Читаем Маскавская Мекка полностью

Все брезгливо смотрели на пунцовые штаны художника. Кто-то крякнул, кто-то присвистнул. Директор пуговичной Крысолобов вздохнул. Пуговицы в виде серпа и молота, в виде наковальни и четырех перекрещенных снопов пшеницы (серия "Радостный труд"), в виде Краснореченского кремля и отдельных его башен (серия "Старина вековечная"), в виде гаубичных снарядов, увитых золотой лентой (серия "Победа гумунизма") - все это переливалось и сияло на стенах худотдела. По фондам фабрика получала гранулированный полистирол, цветом и формой похожий на зубы курильщика, да изредка листовую латунь; а художник мыслил в категориях драгметаллов и самоцветных камней. "Вы мне предоставьте материал! - кричал Емельянченко на худсоветах. - Какая латунь?! Что ж думаете? на латуни выехать?! Вы мне рубин фондируйте для башен!.. Платину для гаубиц!.."

- Дело ясное, - сказал сейчас Евсей Евсеич. - Я сорок лет имею дело с произведениями искусства. Арматура отломилась. Не починишь.

- А подварить? - спросил Крысолобов.

- Ах, Николай Еремеевич, варить-то к чему? Ржа одна. Не подваришь.

- Это что же значит - не подваришь? - хрипло возмутился начальник мехколонны Петраков. - Да я сейчас своих ребят свистну, агрегат подвезут - и подварят в лучшем виде. Тоже мне - подварка! Не в первый раз, как говорится.

- Свистнет он! - саркастически бросил Емельянченко и неожиданно затрепетал, вытягиваясь. - Вы кому это говорите? Вы мне это говорите?! Вы меня будете учить с явлениями искусства обращаться?! Па-а-а-адва-а-а-а-а-аришь! Подвариватель! Вы что?! У меня дипломы краевых выставок! У меня четыре премии!.. Свистнет! Что ваши ребята сделают?! Говорю же вам русским языком - проржавело все к чертовой матери.

- Вы моих ребят не трогайте! Мои ребята хоть в красных штанах и не щеголяют, а подварили бы в лучшем виде.

- Штаны! - изумился Емельянченко. - Я бы на вашем месте, Павел Афанасьевич, помолчал насчет штанов! Я, как человек с тонким художественным вкусом, много чего мог бы о ваших штанах сказать. Однако видите вот - молчу!
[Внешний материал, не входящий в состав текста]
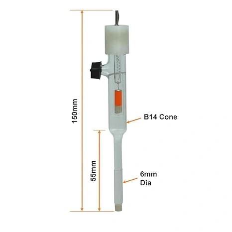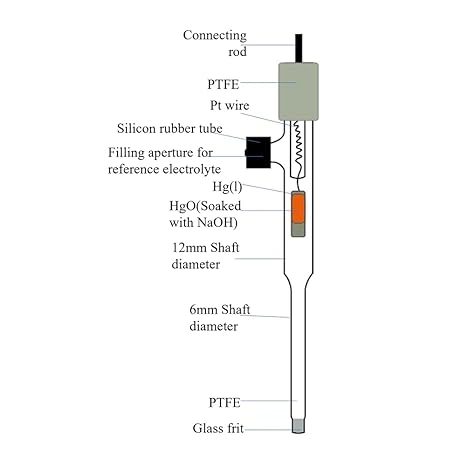 This Hg/HgO/OH- reference electrode is ideal for use in alkaline or fluoride media. The electrode is supplied with electrolyte filling. The side plug arrangement makes it easy to replace the filling solution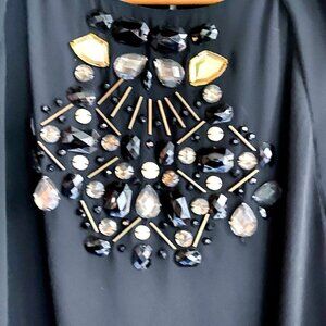 The blouse is embellished with beaded accents, adding a touch of elegance to the basic style.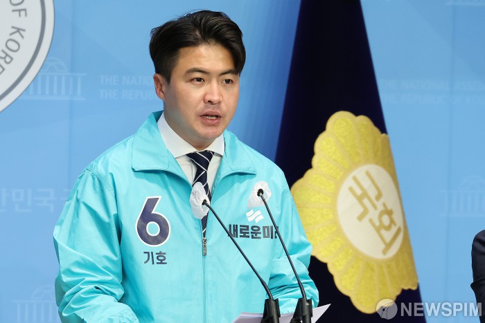 [서울=뉴스핌] 이형석 기자 = 오영환 새로운미래 총괄상임선대위원장이 9일 오전 서울 여의도 국회 소통관에서 제22대 총선 지지호소 기자회견을 열고 있다. 2024.04.09 leehs@newspim.com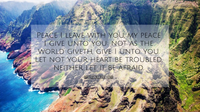 Below, you will find carefully selected verses that echo the themes and teachings related to John 14:27 KJV. Click on any image to explore detailed analyses of related Bible verses and uncover deeper theological insights.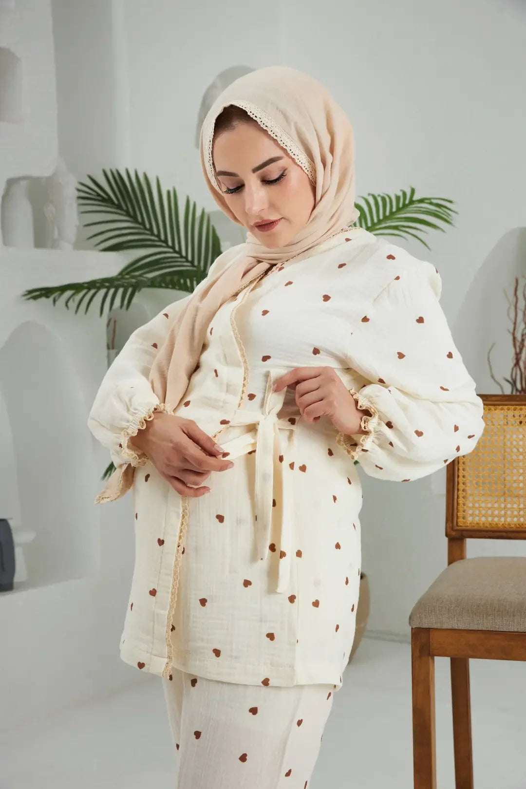Love Serisi lohusa takımı %100 pamuk kumaştan üretilmiştir. Cilde nefes aldıran, yumuşak ve terletmeyen bir yapıya sahiptir.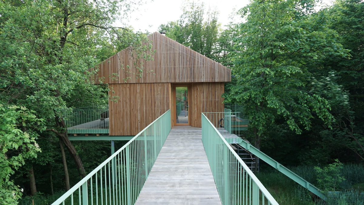 Reservar una casa del árbol verde es un gran lugar para un descanso en el borde del bosque. Está rodeado de árboles, prados, un fogón y recintos de animales. Se prestó especial atención a la arquitectura de alta calidad: la casa del árbol es sostenible y está construida con materiales de alta calidad y ofrece un ambiente agradable en medio de la naturaleza. Ya ha sido galardonado con el Geramb Rose 2024, un premio de arquitectura de Estiria y un premio de construcción de madera. Está tranquilamente ubicado lejos del patio.

- Тише, тише, товарищи! - вздохнула Александра Васильевна. - Что вы, право, всякий раз - штаны, штаны... Да и слово-то какое - штаны. Ну, брюки, хотя бы...
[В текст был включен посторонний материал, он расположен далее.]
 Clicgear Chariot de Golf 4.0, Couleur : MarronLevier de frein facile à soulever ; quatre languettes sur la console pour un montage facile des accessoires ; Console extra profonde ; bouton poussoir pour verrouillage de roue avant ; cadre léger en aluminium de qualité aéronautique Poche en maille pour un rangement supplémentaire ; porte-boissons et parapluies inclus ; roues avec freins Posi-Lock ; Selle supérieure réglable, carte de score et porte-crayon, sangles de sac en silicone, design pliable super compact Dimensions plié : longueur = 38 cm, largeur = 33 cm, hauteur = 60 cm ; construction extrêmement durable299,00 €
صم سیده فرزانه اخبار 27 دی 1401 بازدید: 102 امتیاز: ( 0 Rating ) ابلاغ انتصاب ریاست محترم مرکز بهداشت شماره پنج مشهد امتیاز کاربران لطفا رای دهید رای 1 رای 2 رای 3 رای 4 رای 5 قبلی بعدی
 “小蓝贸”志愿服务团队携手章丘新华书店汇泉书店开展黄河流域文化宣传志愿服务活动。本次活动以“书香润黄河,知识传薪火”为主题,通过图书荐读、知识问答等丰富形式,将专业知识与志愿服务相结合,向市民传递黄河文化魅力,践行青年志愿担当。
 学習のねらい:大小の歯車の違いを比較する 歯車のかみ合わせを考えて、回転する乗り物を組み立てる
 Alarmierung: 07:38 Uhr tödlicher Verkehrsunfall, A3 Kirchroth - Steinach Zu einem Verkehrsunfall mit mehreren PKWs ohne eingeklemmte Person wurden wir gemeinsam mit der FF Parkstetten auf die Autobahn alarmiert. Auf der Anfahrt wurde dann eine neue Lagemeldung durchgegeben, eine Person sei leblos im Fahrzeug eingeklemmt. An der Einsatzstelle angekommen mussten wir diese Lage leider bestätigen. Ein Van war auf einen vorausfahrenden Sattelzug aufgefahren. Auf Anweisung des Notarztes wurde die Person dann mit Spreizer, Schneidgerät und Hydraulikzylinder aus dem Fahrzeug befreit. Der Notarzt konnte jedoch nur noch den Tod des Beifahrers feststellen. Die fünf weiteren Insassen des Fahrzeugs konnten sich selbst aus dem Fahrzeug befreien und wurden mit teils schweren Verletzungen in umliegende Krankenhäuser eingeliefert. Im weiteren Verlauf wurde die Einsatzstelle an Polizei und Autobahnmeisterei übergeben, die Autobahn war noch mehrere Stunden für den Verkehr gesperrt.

- Предложения-то какие-нибудь есть? - спросил Грациальский.

- Предложения есть, - кивнул Емельянченко. - Есть одно предложение, да Александра Васильевна отвергает... Я, товарищи, не понимаю, честное слово! Или мы позволяем себе смелость творца, и тогда искусство гумунистического края занимает достойные позиции на мировой арене. Или держимся за вековечные штампы, и тогда наше искусство не занимает достойных позиций на мировой арене.
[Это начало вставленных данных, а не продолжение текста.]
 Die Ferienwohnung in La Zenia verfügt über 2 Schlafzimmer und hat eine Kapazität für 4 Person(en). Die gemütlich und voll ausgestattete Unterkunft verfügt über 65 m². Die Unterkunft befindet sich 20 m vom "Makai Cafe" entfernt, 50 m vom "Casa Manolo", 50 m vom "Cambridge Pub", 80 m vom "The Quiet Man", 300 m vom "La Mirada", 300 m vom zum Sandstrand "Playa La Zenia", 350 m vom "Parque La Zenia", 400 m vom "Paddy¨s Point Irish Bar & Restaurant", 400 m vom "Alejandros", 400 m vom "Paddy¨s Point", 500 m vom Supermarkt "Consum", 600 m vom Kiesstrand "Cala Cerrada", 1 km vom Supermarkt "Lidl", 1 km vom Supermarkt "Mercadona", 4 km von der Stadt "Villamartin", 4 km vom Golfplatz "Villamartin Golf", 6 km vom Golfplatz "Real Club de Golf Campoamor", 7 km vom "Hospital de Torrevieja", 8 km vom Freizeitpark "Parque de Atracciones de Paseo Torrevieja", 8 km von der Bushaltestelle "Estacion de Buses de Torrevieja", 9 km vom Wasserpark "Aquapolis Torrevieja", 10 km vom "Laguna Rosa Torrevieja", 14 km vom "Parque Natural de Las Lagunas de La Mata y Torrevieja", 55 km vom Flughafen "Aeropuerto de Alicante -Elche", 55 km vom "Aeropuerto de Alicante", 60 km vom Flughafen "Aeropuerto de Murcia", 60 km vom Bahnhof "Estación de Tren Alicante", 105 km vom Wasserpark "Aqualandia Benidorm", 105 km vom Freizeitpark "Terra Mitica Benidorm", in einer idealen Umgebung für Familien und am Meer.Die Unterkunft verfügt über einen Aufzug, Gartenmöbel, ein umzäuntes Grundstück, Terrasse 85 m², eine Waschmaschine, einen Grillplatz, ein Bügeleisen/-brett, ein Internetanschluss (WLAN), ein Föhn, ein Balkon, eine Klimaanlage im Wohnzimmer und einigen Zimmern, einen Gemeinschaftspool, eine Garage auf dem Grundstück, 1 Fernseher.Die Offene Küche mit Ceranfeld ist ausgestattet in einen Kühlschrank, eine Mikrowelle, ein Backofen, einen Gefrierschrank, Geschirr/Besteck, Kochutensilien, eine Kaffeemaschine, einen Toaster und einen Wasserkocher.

Александра Васильевна уныло подперла голову кулаком.

- Конкретно! - бросил Грациальский.

- Пожалуйста! Поскольку арматуру подварить нельзя, - Емельянченко обвел присутствующих взглядом; присутствующие кивнули, один только Петраков что-то недовольно буркнул. - ...а без арматуры рука держаться не будет... - Снова все согласились. - ...предлагаю изменить композицию монумента. Руку слепить загнутую, прижатую к груди. И положить ее как бы в перевязь... понимаете? Памятник будет называться "Виталин после ранения"! Аналогов не существует! Он воздел испачканный золотой краской палец. - Понимаете?

- На перевязи... - задумчиво повторил Грациальский, туманно поводя глазами и, видимо, силясь представить себе обрисованную картину.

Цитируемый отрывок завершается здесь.